While the preferred embodiment of the present application has been described in detail, the application is not limited to the embodiment, and various equivalent modifications and substitutions can be made by those skilled in the art without departing from the spirit of the application, and these equivalent modifications and substitutions are intended to be included in the scope of the present application as defined in the appended claims.

Claims (8)

1. The method for testing the 5G-SA charging dialing of the Internet of things is characterized by comprising the following steps of:

a dial testing task instruction is sent to a terminal dial testing server side, so that the terminal dial testing server side performs dial testing on terminals with different provinces according to the dial testing task instruction;

receiving dial test data sent by an Internet of things service communication proxy, wherein the dial test data are acquired by the Internet of things service communication proxy from service communication proxies with different provinces, the service communication proxies with different provinces acquire the dial test data from respective charging gateways, and the dial test data are stored in the charging gateways with different provinces;

and carrying out batch verification on the received dial testing data.

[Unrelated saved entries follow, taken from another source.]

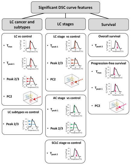 One potential method for screening and diagnosis of LC is differential scanning calorimetry (DSC). DSC curves reflect the heat change (excess specific heat capacity) in a fluid sample as it is heated, corresponding to the structural changes in the molecular constituents of the fluid as a function of temperature (e.g., protein denaturation). DSC curves have been shown to be a successful tool used in the diagnosis and characterization (e.g., progression or severity) of several cancers, including cervical cancer, breast cancer, colorectal cancer, multiple myeloma, and brain tumors [8,9,10,11,12,13,14]. In the current work, we evaluated the use of selected summary metrics and principal components (PCs) calculated from DSC curves for diagnosis and characterization of LC patients. Moreover, we evaluated their use as a potential predictor of progression-free and overall survival of patients.
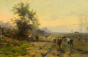 A Summer Landscape With A Peasantwoman And Cattle By A Stream
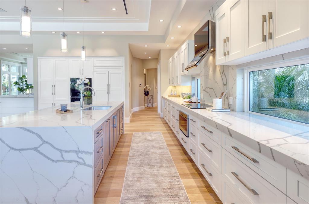 Live in the Golden Harbour where easy access to RPYCC, Downtown Mizner, the Intracoastal Waterway and the beach make this a prime location. This 2017 custom home on a raised point lot w/no back neighbors, provides gorgeous unobstructed water views, 210' of dock space, boat & jet ski lift, salt water pool w/ jetted tub and sun shelf, natural gas fire pit & full house, generator. The interior is pure elegance. Incredible details include wood floors throughout, custom fireplace, elevator, expansive kitchen & island, pocket sliding doors to bring the outdoors in PLUS Control 4 system to navigate all your lighting, music & security. The grande master suite with a private balcony, stunning gas fireplace, 2 walk-in closets & private flex space will impress the most discriminant home buyer.
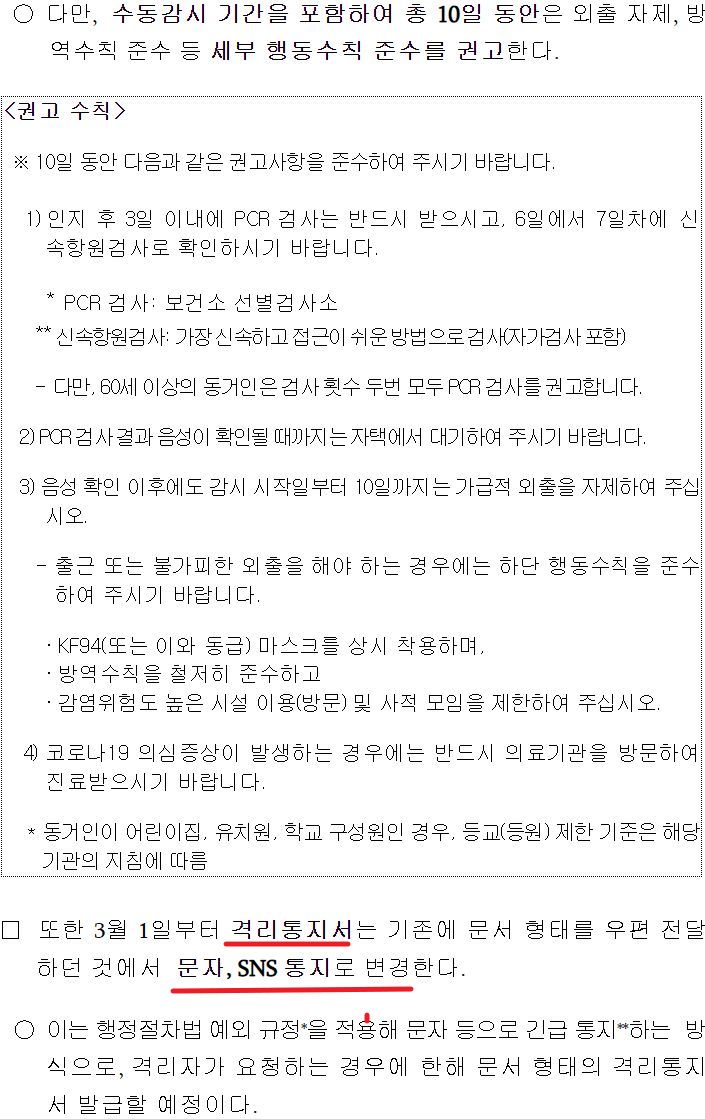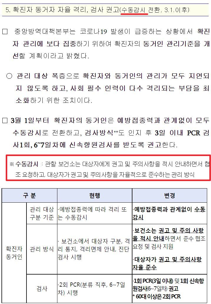 코로나19, 확진자 동거자 자율 격리, 검사 권고(수동감시) 본문

2. The method according to claim 1, wherein the method further comprises: and receiving the dial testing data pushed by the intelligent data interaction platform, wherein the dial testing data are acquired from charging gateways with different provinces by the intelligent data interaction platform.

3. The method according to claim 1, wherein the method further comprises: and returning the verification result of the dial testing data to the charging function of each province.

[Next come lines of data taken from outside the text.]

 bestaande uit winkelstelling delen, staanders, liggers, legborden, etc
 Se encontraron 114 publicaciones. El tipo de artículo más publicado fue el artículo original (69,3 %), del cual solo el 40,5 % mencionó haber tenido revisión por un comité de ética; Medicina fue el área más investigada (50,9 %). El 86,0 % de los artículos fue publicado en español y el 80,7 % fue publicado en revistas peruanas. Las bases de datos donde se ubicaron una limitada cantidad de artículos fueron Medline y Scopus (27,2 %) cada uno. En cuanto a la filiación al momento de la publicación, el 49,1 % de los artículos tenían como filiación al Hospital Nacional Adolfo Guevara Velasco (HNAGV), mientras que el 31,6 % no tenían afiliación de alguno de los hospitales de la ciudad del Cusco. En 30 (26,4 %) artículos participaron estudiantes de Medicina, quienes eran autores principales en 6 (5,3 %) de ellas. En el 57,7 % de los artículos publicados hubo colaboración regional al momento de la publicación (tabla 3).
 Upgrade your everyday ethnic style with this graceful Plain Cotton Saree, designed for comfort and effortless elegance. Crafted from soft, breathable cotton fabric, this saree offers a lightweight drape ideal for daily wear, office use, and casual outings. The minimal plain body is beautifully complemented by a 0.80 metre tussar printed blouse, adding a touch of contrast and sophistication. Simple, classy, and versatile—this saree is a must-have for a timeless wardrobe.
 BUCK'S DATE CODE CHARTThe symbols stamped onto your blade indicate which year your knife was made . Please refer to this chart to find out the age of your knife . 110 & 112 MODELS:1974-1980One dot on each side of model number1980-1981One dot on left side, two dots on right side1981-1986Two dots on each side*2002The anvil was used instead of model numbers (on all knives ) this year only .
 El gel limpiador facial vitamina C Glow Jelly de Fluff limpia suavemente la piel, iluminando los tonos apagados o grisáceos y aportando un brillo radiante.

4. The method of claim 1, wherein the dial-up data for each province is stored separately at a respective billing gateway.

5. The utility model provides a 5G-SA charging of thing networking dials test certificate system which characterized in that includes:

the first module is used for sending a dial testing task instruction to the terminal dial testing server so that the terminal dial testing server performs dial testing on terminals with different provinces according to the dial testing task instruction;

the second module is used for receiving dial test data sent by the service communication proxy of the Internet of things, the dial test data are acquired by the service communication proxy of the Internet of things from service communication proxies of different provinces, the service communication proxies of different provinces acquire the dial test data from respective charging gateways, and the dial test data are stored in the charging gateways of different provinces;

and the third module is used for carrying out batch verification on the received dial testing data.

6. The utility model provides a 5G-SA of thing networking charges dials test certificate device which characterized in that includes:

at least one processor;

at least one memory for storing at least one program;

the at least one program, when executed by the at least one processor, causes the at least one processor to implement the method of any of claims 1-4.

7. A storage medium having stored therein a processor executable program, which when executed by a processor is adapted to carry out the method of any one of claims 1-4.

8. The 5G-SA charging and dialing test system of the Internet of things is characterized by comprising a terminal dialing and testing server, terminals with different provinces, a private network of the Internet of things and a dialing and testing module,

the terminal dial testing server is used for receiving the dial testing task instruction sent by the dial testing certification module and performing dial testing on terminals with different provinces according to the dial testing task instruction;

the terminal is used for receiving the dial testing and sending dial testing data to a private network of the Internet of things;

the private network of the Internet of things is used for receiving the dial testing data and sending the dial testing data to the dial testing certification module;

the dial testing module is configured to perform the method of any one of claims 1-4.